Я ринулся в поход за призраком, узрев невозможное – сны, в последнее время дико складывающие в логическую цепочку (что раньше бывало крайне редко), сошлись с реальностью.
Невозможное случилось. Два мира, мир повседневно окружающий нас, мир приевшийся, мир, единственный подразумеваемый, скрестился с миром ирреальным, миром грез, миром мечтаний. И это при всем притом, что любые обследования показывали: «А. С. Карлан никаких сновидений видеть не должен. Ночами его мозг чист от излишнего возбуждения. Он спит как младенец, без сновидений». Вот так вот. Наука поперла против меня. В первый момент, когда я увидел подобный результат, меня охватил шок и истерика. Я подумал, что схожу с ума, но то же самое обследование ясно показывало – помешательства у меня нет. Оставался вариант, что все, абсолютно все, что я вижу – вымысел, фантазия, галлюцинация наркомана Петрова, который, в свою очередь, является галлюцинацией алкаша Сидорова!
Тогда я ввел запрос в компьютер и он выдал мне выдержку из книги Лема «Солярис». В школьную программу он не включен, так что имя его я услышал впервые.
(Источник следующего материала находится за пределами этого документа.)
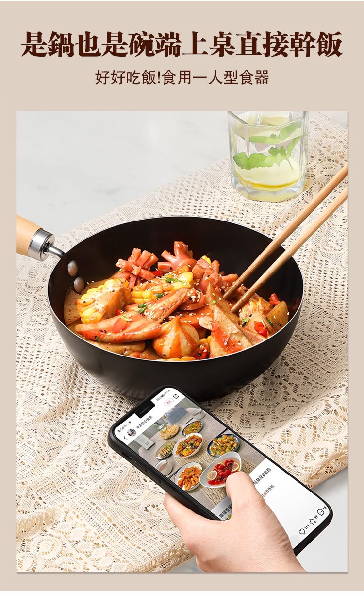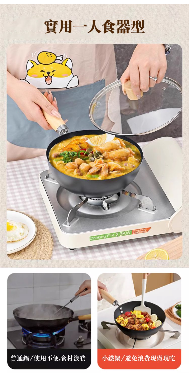 15分鐘前我終於能夠單手拋鍋了!只有我臉一樣大小的迷你炒鍋,精鐵加不塗層用著放心,鐵鍋也可以這麼萌這麼可愛!小巧的無塗層小鐵鍋,可愛好看好用哈! - 迷你家用煎炒鍋

Но способ он предлагал действенный. И я им воспользовался.
Если все вокруг галлюцинация, то я могу взять справочник и посмотреть в нем определенную величину, а потом рассчитать ее самому. Числа не совпадут, если я сумасшедший. В обратном случае…
Я взялся за определение прорисовки лазерным лучом кубометра красного цвета при температуре, с отклонением от нормы в три градуса. Считал сам, выводя пером строчки формул на пластике. Энергетическими листами пользоваться я испугался.
Числа совпали. Полностью. Значит, я на самом деле находился в реальности, а не лежал в палате номер шесть желтого дома какого-то там века. Я был здесь и сейчас.
Вместе со своими снами.
Первый раз они нагрянули в мои двенадцать лет. Тот сон я не забуду никогда. Впрочем, как и все, что мне снятся длинными, мучительными ночами.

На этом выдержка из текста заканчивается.